The Comind.work MCP server exposes your workspace data as tools that AI assistants can call. Query records, run aggregations, view history, and more through natural language.

This page is the tool-level reference. To set up a specific client, see:

* [Connect Claude](/ai/connect-claude.md) - Desktop, Code (CLI), and claude.ai web
* [Connect ChatGPT](/ai/connect-chatgpt.md) - custom connector via developer mode
* [Connect Cursor](/ai/connect-cursor.md) or [Connect VS Code](/ai/connect-vscode.md)

## Available tools[​](#available-tools "Direct link to Available tools")

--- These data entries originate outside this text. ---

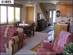 Gorgeous Ranch Meadow condo. End unit, with a 2 story wall of windows and large private deck to enjoy views that include Mt. Meeker. Recently updated kitchen and tile baths, silestone counters. Great room stone fireplace. Main level master suite with private bath and large walk in closet. Upper levels offers a loft/family room with 2nd walk in closet and 2 generous sized guest bedrooms. If you have been searching for a Estes Park condo, this is one you do not want to pass up!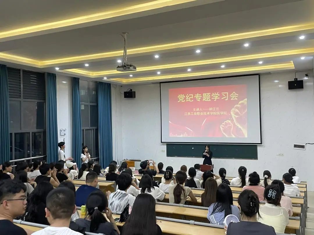 2024年6月13日晚19:30時,我院于醫學院西103教室開展了黨紀專題學習會,本次學習會的主要目的是對我院班級團支書,團學聯及入黨積極分子進行黨紀黨風教育,加強團隊素質教育,規范院內風紀。參會人員有醫學院黨支部組織員胡江蘭,醫學院團總支副書記吳閣坤,輔導員代表及學生代表。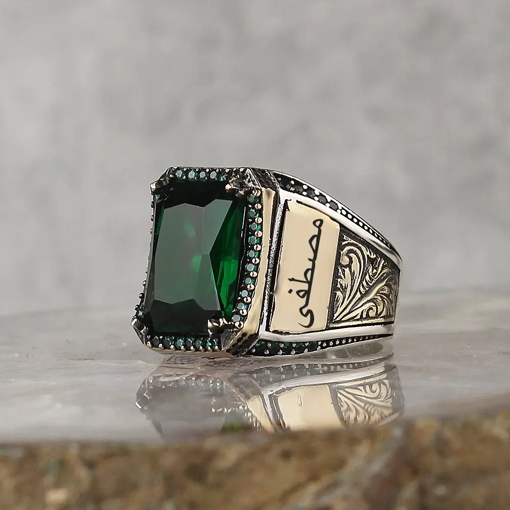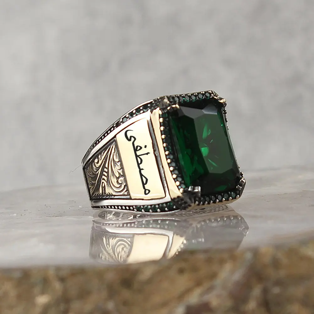 Мужское бриллиантовое серебряное кольцо, зеленый циркон, желаемое имя написано, является персонализированным мужским подарочным аксессуаром, Сделано в Турции
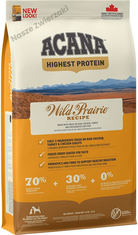 ACANA Highest Protein Wild Prairie to pełnowartościowa karma, która odzwierciedla naturalną dietę przodków psów. Stworzona z myślą o psach wszystkich ras i w każdym wieku (z wyjątkiem szczeniąt dużych ras do 14. tygodnia życia), łączy wyjątkową smakowitość z wysoką zawartością białka i niskim poziomem węglowodanów.

| Tool                | Description                                                                    |
| ------------------- | ------------------------------------------------------------------------------ |
| `list_workspaces`   | Discover available workspaces                                                  |
| `get_workspace`     | View a workspace's apps, members, and record counts                            |
| `get_app_schema`    | Understand an app's fields, lookups, actions, form layout, and saved lists     |
| `list_records`      | Browse and filter records by workspace, app, and field values                  |
| `search_records`    | Keyword search across records                                                  |
| `aggregate_records` | Totals, counts, and breakdowns (e.g., tasks by state, hours by user)           |
| `get_record`        | Full details on a specific record - fields, attachments, and available actions |
| `list_history`      | View change history - who did what, when, with field diffs                     |
| `aggregate_history` | Change-count breakdowns (e.g., changes per user per month)                     |
| `create_record`     | Create a new record in a workspace app                                         |
| `update_record`     | Update an existing record's fields or fire an action                           |
| `get_asset`         | View images or download files attached to records                              |
| `whoami`            | Identify the current user and their recent activity                            |

## Server URL[​](#server-url "Direct link to Server URL")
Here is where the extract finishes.